I tried to split the sum as $\displaystyle\sum_{q\leq Q}\frac{\mu(q)^2}{\phi(q)}=\displaystyle\sum_{r|k}\displaystyle\sum_{m\leq\frac{Q}{r},(m,\frac{k}{r}=1)}\frac{\mu(mr)^2}{\phi(mr)}$ but cannot proceed. Can anyone help?
Here $\mu$ and $\phi$ are the Mobius function and Euler's totient function respectively.
Hint1: any $q\leq Q$ is a product $mn$, where all prime factors of $m$ consists of prime factors of $k$, and $(n,k)=1$.

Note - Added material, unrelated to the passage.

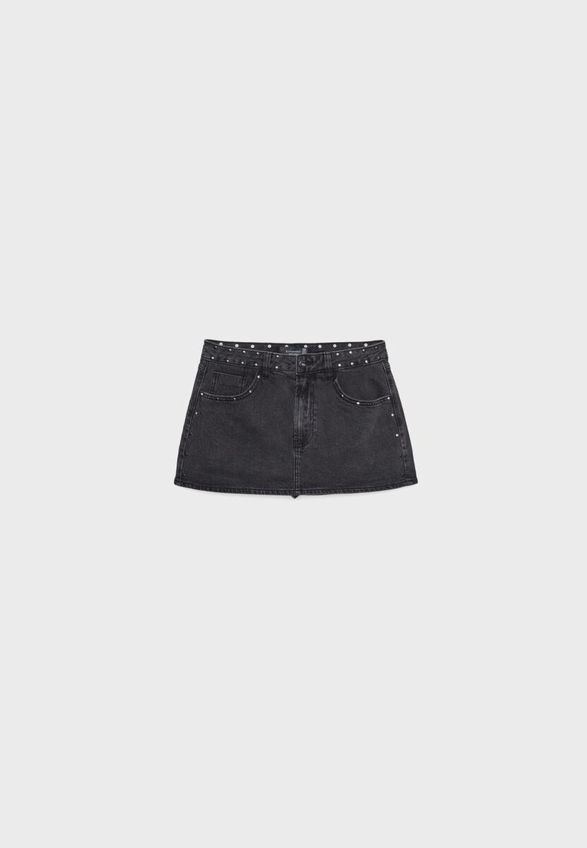 Skort mini in denim a vita media con passanti per cintura. Dotata di tasche anteriori, tasche applicate posteriori, borchie in metallo applicate e chiusura frontale con zip e bottone in metallo.

Hint2: note that $q\leq Q$ must be square-free because of $\mu(q)^2$. For $q=mn$ as in Hint1, we have $m|k$ and $\phi(q)=\phi(m)\phi(n)$
Applying the hints, we have $$ \begin{align} \sum_{q\leq Q} \frac{\mu(q)^2}{\phi(q)}&\leq \left(\sum_{m\leq Q, \ m|k} \frac{\mu(m)^2}{\phi(m)} \right)\left(\sum_{n\leq Q, \ (n,k)=1} \frac{\mu(n)^2}{\phi(n)}\right)\\ &\leq \left(\sum_{m|k} \frac{\mu(m)^2}{\phi(m)}\right)\left(\sum_{n\leq Q, \ (n,k)=1} \frac{\mu(n)^2}{\phi(n)}\right)\\ &=\left( \prod_{p|k} \left( 1 + \frac{1}{p-1} \right) \right) \left(\sum_{n\leq Q, \ (n,k)=1} \frac{\mu(n)^2}{\phi(n)}\right)\\ &=\left( \prod_{p|k} \frac p{p-1} \right) \left(\sum_{n\leq Q, \ (n,k)=1} \frac{\mu(n)^2}{\phi(n)}\right)\\ &=\frac{k}{\phi(k)} \left(\sum_{n\leq Q, \ (n,k)=1} \frac{\mu(n)^2}{\phi(n)}\right) \end{align} $$ as desired.